Физики-экспериментаторы в этот период уже располагали множеством измерительных инструментов приемлемой точности и средствами изготовления недостающих приборов. Смысл термина «физика» сузился, из сферы этой науки были выделены астрономия, геология, минералогия, техническая механика, физиология. Картезианство, не подтверждаемое опытом, быстро теряет сторонников; Даламбер в 1743 году иронически назвал картезианцев «почти не существующей сектой». Ускоренными темпами развивались механика и учение о теплоте. Во второй половине века начинается интенсивное изучение электричества и магнетизма. В рамках ньютоновской системы мира с большим успехом формируется новая небесная механика. Характерной особенностью физики XVIII века является тот факт, что все разделы физики, а также химии и астрономии, развивались независимо, попытка Декарта создать единую целостную систему знаний была признана неудачной и на время оставлена. Однако носителями природных сил по-прежнему считались декартовские «тонкие материи» — невидимые, невесомые и всепроникающие (теплород, электрическая и магнитная жидкости)[71][69].

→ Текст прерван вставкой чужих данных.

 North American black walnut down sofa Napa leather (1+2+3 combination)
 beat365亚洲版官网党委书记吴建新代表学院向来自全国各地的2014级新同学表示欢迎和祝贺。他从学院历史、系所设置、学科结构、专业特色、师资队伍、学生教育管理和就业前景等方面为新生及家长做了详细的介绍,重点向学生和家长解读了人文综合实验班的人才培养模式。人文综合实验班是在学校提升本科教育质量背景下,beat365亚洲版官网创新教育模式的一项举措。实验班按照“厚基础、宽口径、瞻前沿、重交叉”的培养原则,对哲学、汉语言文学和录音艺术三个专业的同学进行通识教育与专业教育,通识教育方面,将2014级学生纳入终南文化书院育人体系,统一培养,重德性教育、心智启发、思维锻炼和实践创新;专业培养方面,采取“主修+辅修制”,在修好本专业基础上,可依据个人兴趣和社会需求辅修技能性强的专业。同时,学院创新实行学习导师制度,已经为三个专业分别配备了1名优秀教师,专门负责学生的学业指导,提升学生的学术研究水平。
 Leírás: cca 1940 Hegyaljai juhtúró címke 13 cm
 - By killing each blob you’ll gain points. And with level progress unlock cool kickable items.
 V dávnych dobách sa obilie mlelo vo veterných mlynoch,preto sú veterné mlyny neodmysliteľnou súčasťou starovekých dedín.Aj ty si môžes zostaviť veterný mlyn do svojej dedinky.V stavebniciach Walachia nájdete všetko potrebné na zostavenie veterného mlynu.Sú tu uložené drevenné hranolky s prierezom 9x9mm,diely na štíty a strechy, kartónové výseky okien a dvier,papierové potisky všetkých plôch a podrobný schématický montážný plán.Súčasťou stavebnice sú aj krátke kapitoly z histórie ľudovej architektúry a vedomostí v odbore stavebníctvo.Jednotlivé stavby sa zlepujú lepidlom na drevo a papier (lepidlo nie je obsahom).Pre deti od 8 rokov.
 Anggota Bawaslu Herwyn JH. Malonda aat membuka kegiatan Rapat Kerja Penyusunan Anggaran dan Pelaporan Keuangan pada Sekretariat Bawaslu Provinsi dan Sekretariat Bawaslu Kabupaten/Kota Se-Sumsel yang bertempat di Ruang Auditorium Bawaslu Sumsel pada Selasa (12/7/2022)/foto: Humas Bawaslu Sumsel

Первоначально теоретическая и прикладная физика развивались в значительной степени независимо — например, в изобретении очков не участвовали теоретики-оптики. С XVIII века взаимодействие теории с практикой начинает становиться более интенсивным, хотя в разных разделах физики ситуация разная — в более развитых разделах взаимодействие более заметно. Например, термодинамика делала только первые шаги, и паровая машина была построена без помощи теоретиков, а вот развитие оптического приборостроения в XVIII веке уже существенно опирается на хорошо развитую теорию[71].
Создание аналитической механики начал Эйлер в 1736 году; позднее (1760) он исследовал не только движение материальной точки, но и произвольного твёрдого тела. Д’Аламбер в монографии «Динамика» (1742) и Лагранж в «Аналитической механике» (1788) объединили статику и динамику единым подходом (основанным на «принципе д’Аламбера») и завершили превращение теоретической механики в раздел математического анализа. Дальнейшее развитие теоретической механики происходит в основном в русле математики[72][73].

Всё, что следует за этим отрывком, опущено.